+++ Provided material
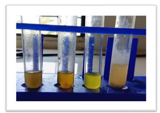
Fig. No. 2 Test for Alkaloid Present

Analysis of Extract by GC-MS Technique- In that the seven compounds were identified in Murraya koenigii roots extract by GC-MS analysis. The active principles with their Retention time (RT), Injection time (IT), Flow time (FT) and Concentration (%) are presented in (Table No. 2). The prevailing compounds were Dimethyl ether(59.68%), Formamide(17.25), 1,3-Butadiyne(6.98),Silane, methyl-(5.60)
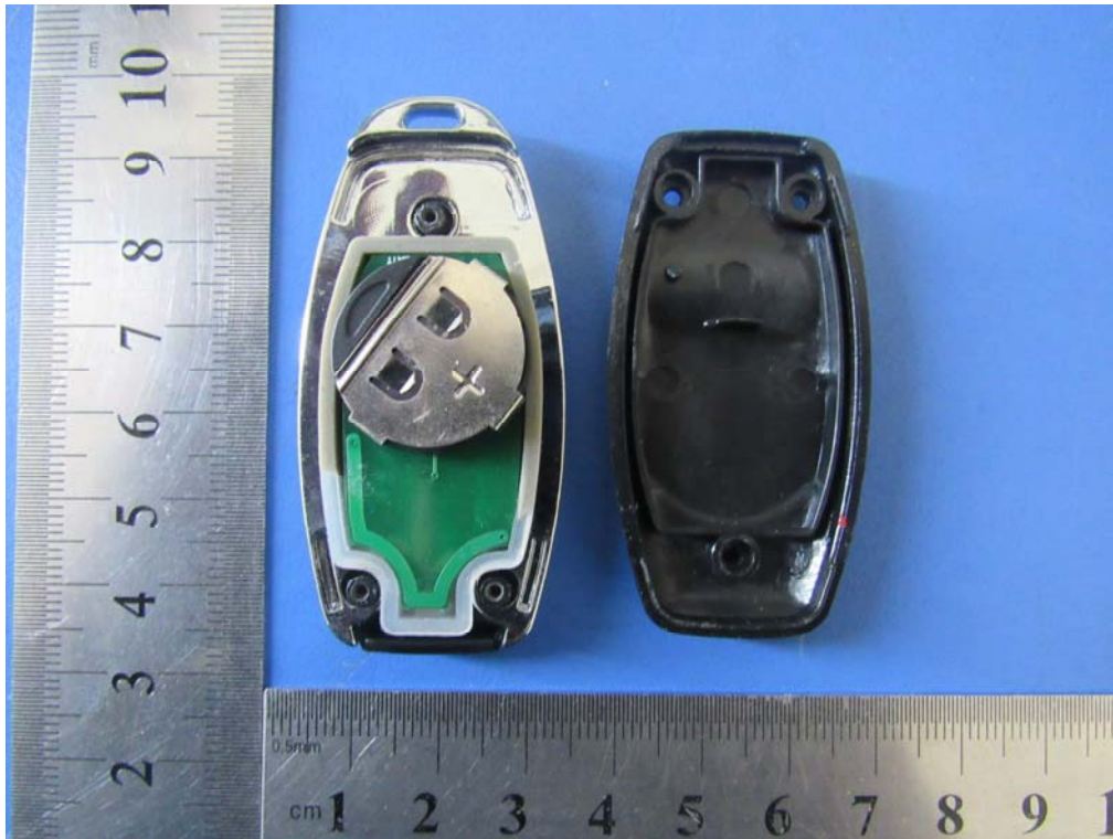
EUT Uncover- Front View
++++++
Please give again, word for word, the lines from the one containing "Analysis of Extract" through the last line of the listing above, inclusive, and leave out pictures.

Analysis of Extract by GC-MS Technique- In that the seven compounds were identified in Murraya koenigii roots extract by GC-MS analysis. The active principles with their Retention time (RT), Injection time (IT), Flow time (FT) and Concentration (%) are presented in (Table No. 2). The prevailing compounds were Dimethyl ether(59.68%), Formamide(17.25), 1,3-Butadiyne(6.98),Silane, methyl-(5.60)
EUT Uncover- Front View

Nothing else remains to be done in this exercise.